(Source material Opens)

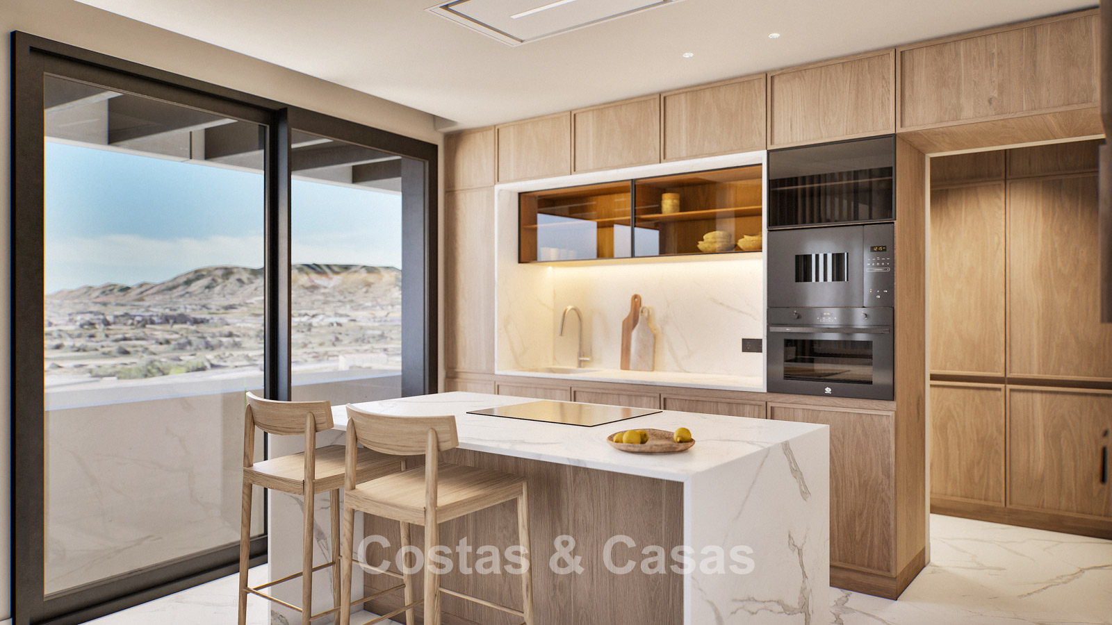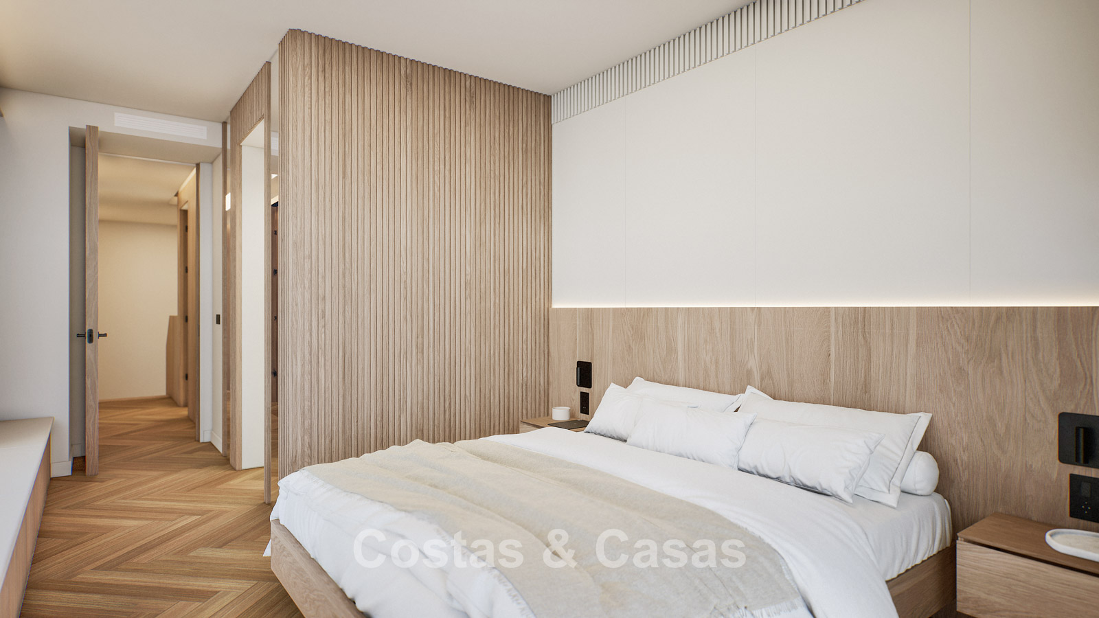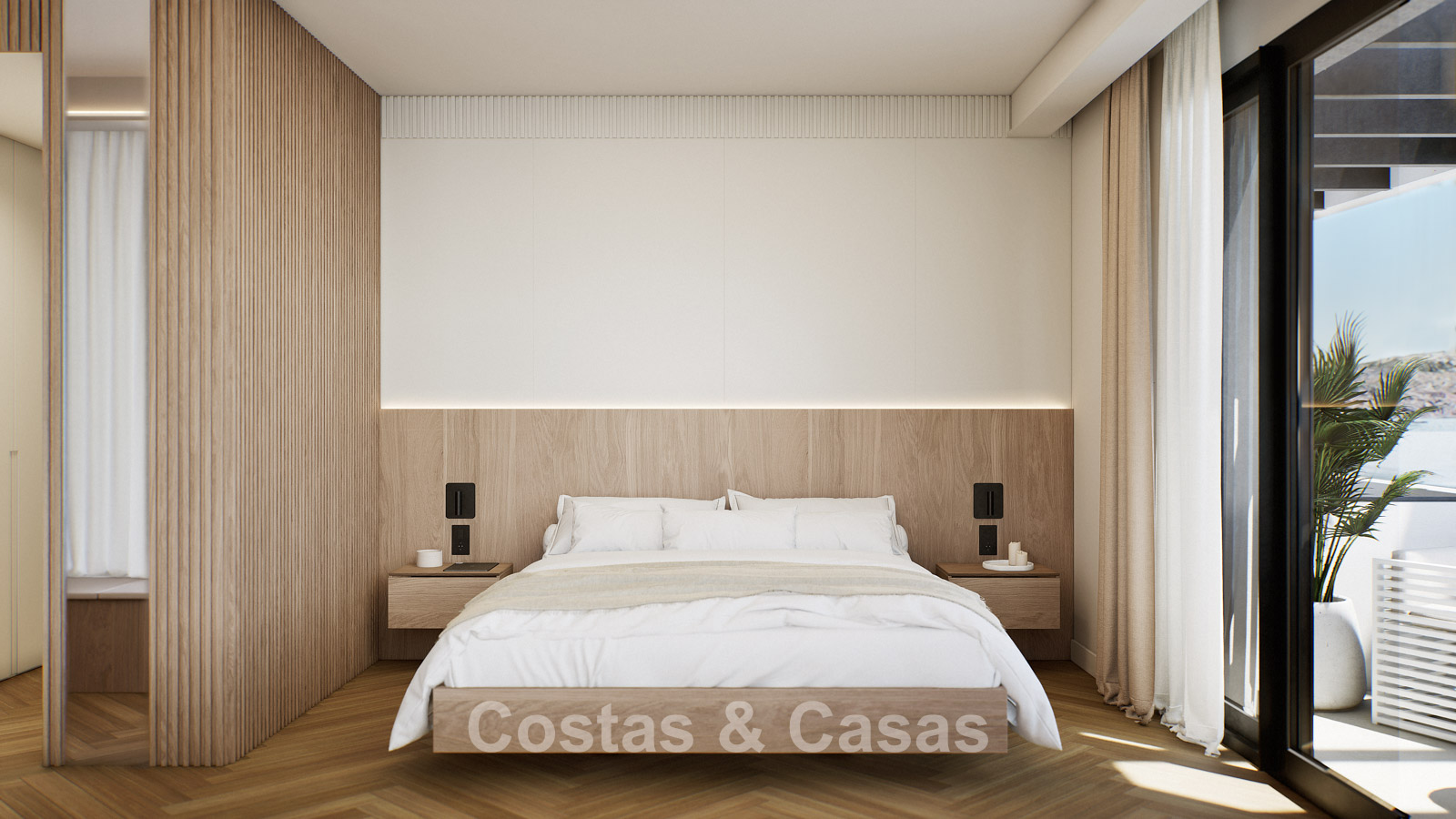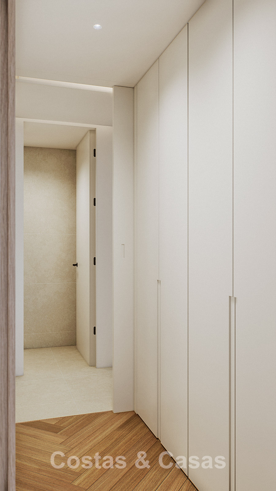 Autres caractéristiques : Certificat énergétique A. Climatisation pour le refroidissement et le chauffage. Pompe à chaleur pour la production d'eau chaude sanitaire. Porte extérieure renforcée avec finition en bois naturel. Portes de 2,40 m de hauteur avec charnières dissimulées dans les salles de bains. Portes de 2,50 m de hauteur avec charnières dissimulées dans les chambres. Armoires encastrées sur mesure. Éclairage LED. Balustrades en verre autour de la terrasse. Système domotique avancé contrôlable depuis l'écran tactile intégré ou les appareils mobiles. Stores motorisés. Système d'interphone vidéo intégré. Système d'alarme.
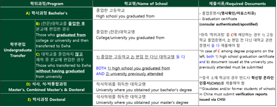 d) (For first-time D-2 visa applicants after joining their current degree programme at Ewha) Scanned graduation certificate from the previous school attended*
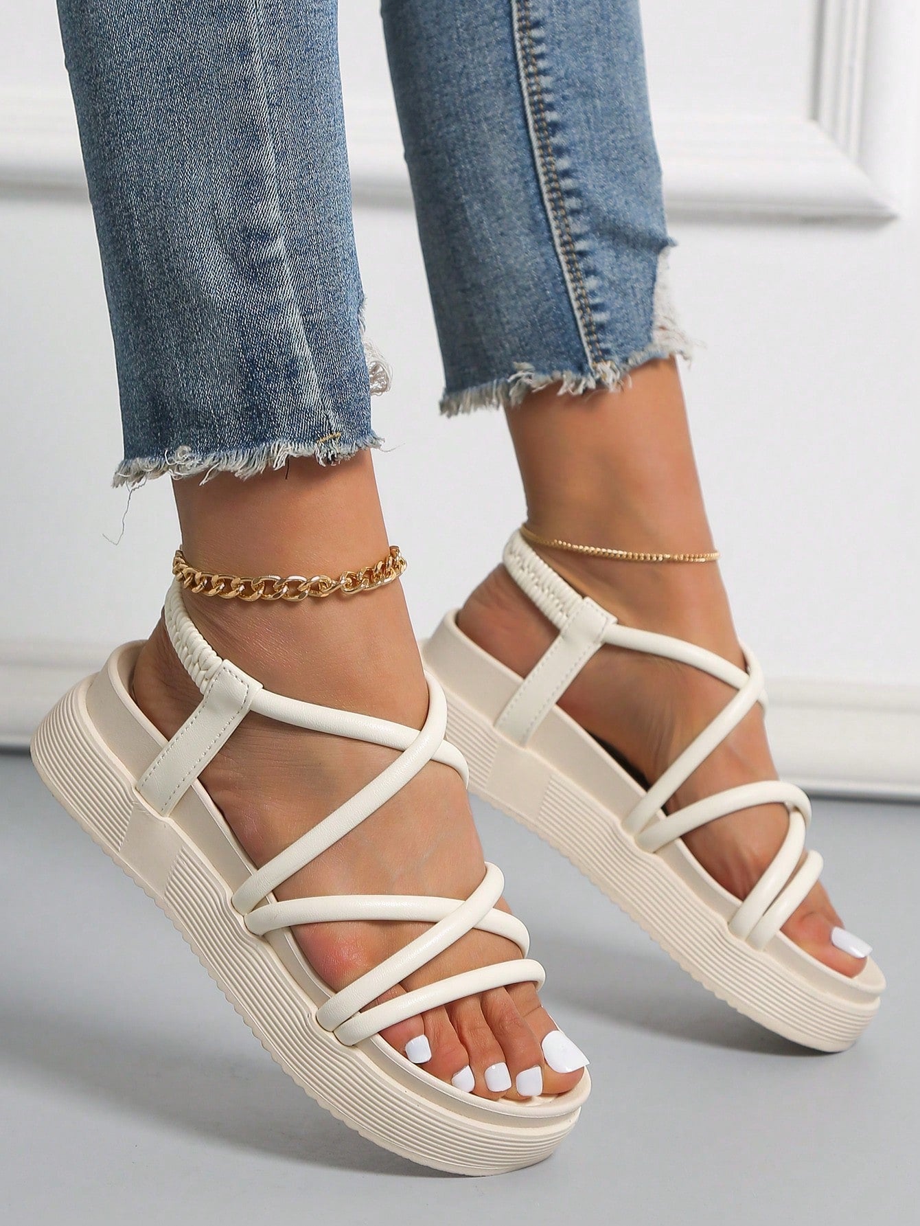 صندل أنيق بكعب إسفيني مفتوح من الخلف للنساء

(Source material Closes)

Required action - When you write out the data, keep every line exact and drop the pictures.

Response -
 Autres caractéristiques : Certificat énergétique A. Climatisation pour le refroidissement et le chauffage. Pompe à chaleur pour la production d'eau chaude sanitaire. Porte extérieure renforcée avec finition en bois naturel. Portes de 2,40 m de hauteur avec charnières dissimulées dans les salles de bains. Portes de 2,50 m de hauteur avec charnières dissimulées dans les chambres. Armoires encastrées sur mesure. Éclairage LED. Balustrades en verre autour de la terrasse. Système domotique avancé contrôlable depuis l'écran tactile intégré ou les appareils mobiles. Stores motorisés. Système d'interphone vidéo intégré. Système d'alarme.
 d) (For first-time D-2 visa applicants after joining their current degree programme at Ewha) Scanned graduation certificate from the previous school attended*
 صندل أنيق بكعب إسفيني مفتوح من الخلف للنساء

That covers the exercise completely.